WHAT YOU SHOULD DO » Each entry below should be printed exactly, with every image left out.

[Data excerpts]

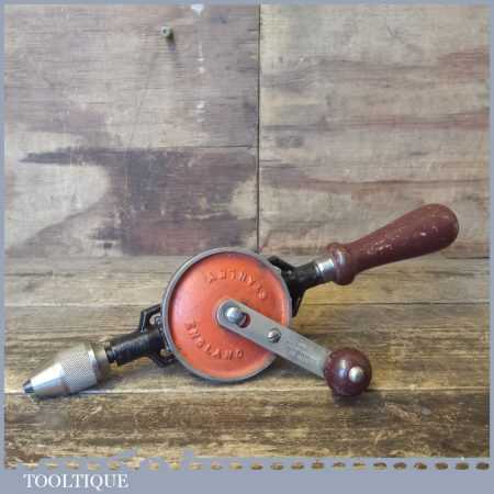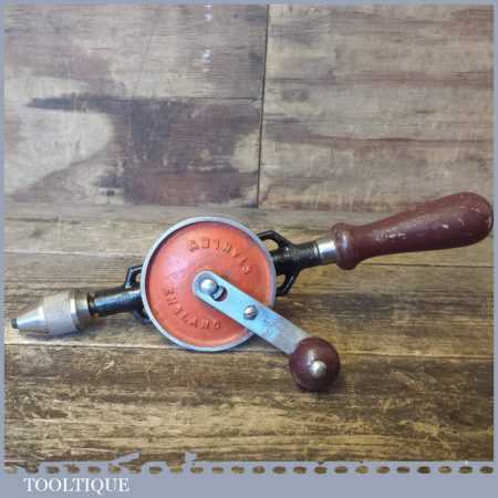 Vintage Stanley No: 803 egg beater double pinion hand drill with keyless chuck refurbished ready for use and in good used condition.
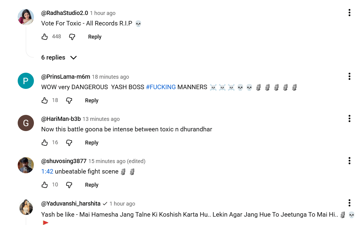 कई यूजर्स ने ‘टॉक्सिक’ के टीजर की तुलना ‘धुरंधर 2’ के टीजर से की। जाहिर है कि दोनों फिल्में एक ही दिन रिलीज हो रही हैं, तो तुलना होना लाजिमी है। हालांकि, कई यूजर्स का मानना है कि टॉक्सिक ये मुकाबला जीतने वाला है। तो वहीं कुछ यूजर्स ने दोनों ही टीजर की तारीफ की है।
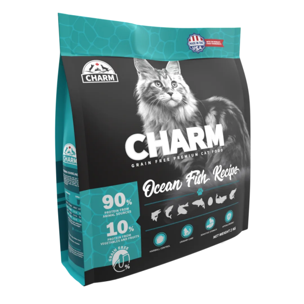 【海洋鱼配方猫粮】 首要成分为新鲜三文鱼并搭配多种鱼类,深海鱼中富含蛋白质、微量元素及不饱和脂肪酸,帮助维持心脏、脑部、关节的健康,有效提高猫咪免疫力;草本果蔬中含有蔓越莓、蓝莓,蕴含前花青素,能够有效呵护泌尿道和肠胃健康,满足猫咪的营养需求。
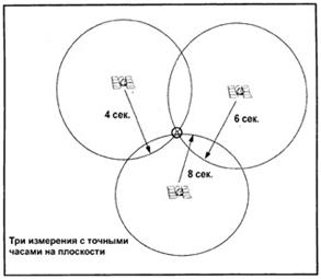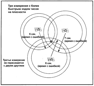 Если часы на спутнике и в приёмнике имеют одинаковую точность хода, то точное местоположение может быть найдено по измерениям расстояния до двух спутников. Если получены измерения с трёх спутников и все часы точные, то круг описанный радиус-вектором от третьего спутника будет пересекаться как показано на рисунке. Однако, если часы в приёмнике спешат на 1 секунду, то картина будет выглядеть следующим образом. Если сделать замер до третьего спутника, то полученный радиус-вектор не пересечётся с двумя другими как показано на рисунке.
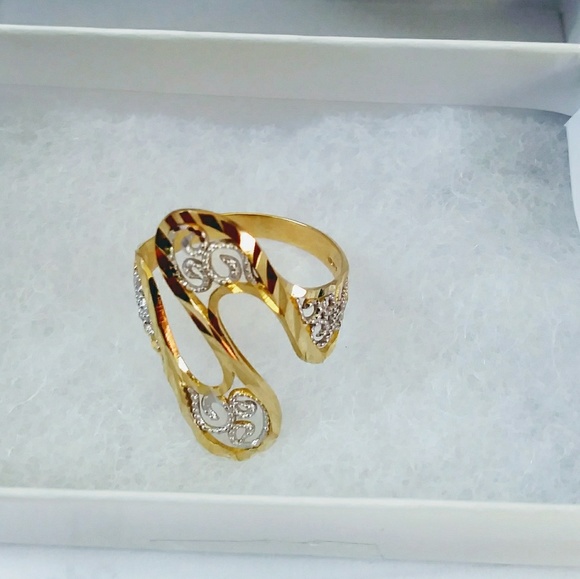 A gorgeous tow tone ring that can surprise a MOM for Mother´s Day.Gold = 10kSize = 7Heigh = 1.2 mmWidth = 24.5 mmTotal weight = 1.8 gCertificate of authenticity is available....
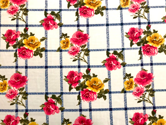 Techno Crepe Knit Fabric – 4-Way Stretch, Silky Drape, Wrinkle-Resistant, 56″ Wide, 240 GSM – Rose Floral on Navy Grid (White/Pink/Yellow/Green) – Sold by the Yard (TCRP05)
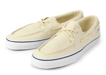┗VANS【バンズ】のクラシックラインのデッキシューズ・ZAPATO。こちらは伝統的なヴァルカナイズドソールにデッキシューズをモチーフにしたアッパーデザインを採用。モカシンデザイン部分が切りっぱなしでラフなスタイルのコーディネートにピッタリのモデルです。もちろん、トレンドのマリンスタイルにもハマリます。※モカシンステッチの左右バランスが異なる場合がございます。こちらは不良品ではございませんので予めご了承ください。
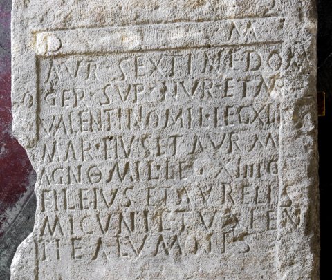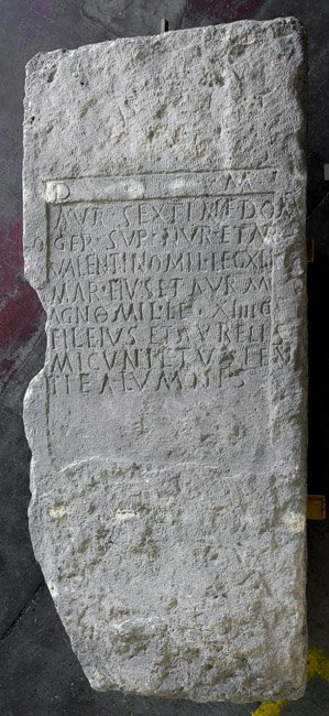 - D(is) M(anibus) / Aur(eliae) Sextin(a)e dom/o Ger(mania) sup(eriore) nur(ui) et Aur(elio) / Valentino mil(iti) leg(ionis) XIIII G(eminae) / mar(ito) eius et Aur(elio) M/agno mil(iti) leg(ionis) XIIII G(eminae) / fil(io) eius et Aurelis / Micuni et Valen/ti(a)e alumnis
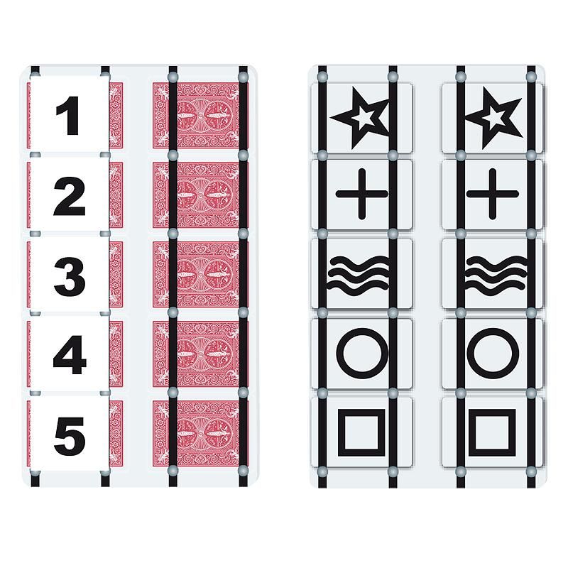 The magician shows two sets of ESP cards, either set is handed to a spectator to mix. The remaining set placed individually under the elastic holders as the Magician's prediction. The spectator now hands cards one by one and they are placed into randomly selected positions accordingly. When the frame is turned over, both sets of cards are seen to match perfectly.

RESPONSE AREA »
 Vintage Stanley No: 803 egg beater double pinion hand drill with keyless chuck refurbished ready for use and in good used condition.
 कई यूजर्स ने ‘टॉक्सिक’ के टीजर की तुलना ‘धुरंधर 2’ के टीजर से की। जाहिर है कि दोनों फिल्में एक ही दिन रिलीज हो रही हैं, तो तुलना होना लाजिमी है। हालांकि, कई यूजर्स का मानना है कि टॉक्सिक ये मुकाबला जीतने वाला है। तो वहीं कुछ यूजर्स ने दोनों ही टीजर की तारीफ की है।
 【海洋鱼配方猫粮】 首要成分为新鲜三文鱼并搭配多种鱼类,深海鱼中富含蛋白质、微量元素及不饱和脂肪酸,帮助维持心脏、脑部、关节的健康,有效提高猫咪免疫力;草本果蔬中含有蔓越莓、蓝莓,蕴含前花青素,能够有效呵护泌尿道和肠胃健康,满足猫咪的营养需求。
 Если часы на спутнике и в приёмнике имеют одинаковую точность хода, то точное местоположение может быть найдено по измерениям расстояния до двух спутников. Если получены измерения с трёх спутников и все часы точные, то круг описанный радиус-вектором от третьего спутника будет пересекаться как показано на рисунке. Однако, если часы в приёмнике спешат на 1 секунду, то картина будет выглядеть следующим образом. Если сделать замер до третьего спутника, то полученный радиус-вектор не пересечётся с двумя другими как показано на рисунке.
 A gorgeous tow tone ring that can surprise a MOM for Mother´s Day.Gold = 10kSize = 7Heigh = 1.2 mmWidth = 24.5 mmTotal weight = 1.8 gCertificate of authenticity is available....
 Techno Crepe Knit Fabric – 4-Way Stretch, Silky Drape, Wrinkle-Resistant, 56″ Wide, 240 GSM – Rose Floral on Navy Grid (White/Pink/Yellow/Green) – Sold by the Yard (TCRP05)
┗VANS【バンズ】のクラシックラインのデッキシューズ・ZAPATO。こちらは伝統的なヴァルカナイズドソールにデッキシューズをモチーフにしたアッパーデザインを採用。モカシンデザイン部分が切りっぱなしでラフなスタイルのコーディネートにピッタリのモデルです。もちろん、トレンドのマリンスタイルにもハマリます。※モカシンステッチの左右バランスが異なる場合がございます。こちらは不良品ではございませんので予めご了承ください。
 - D(is) M(anibus) / Aur(eliae) Sextin(a)e dom/o Ger(mania) sup(eriore) nur(ui) et Aur(elio) / Valentino mil(iti) leg(ionis) XIIII G(eminae) / mar(ito) eius et Aur(elio) M/agno mil(iti) leg(ionis) XIIII G(eminae) / fil(io) eius et Aurelis / Micuni et Valen/ti(a)e alumnis
 The magician shows two sets of ESP cards, either set is handed to a spectator to mix. The remaining set placed individually under the elastic holders as the Magician's prediction. The spectator now hands cards one by one and they are placed into randomly selected positions accordingly. When the frame is turned over, both sets of cards are seen to match perfectly.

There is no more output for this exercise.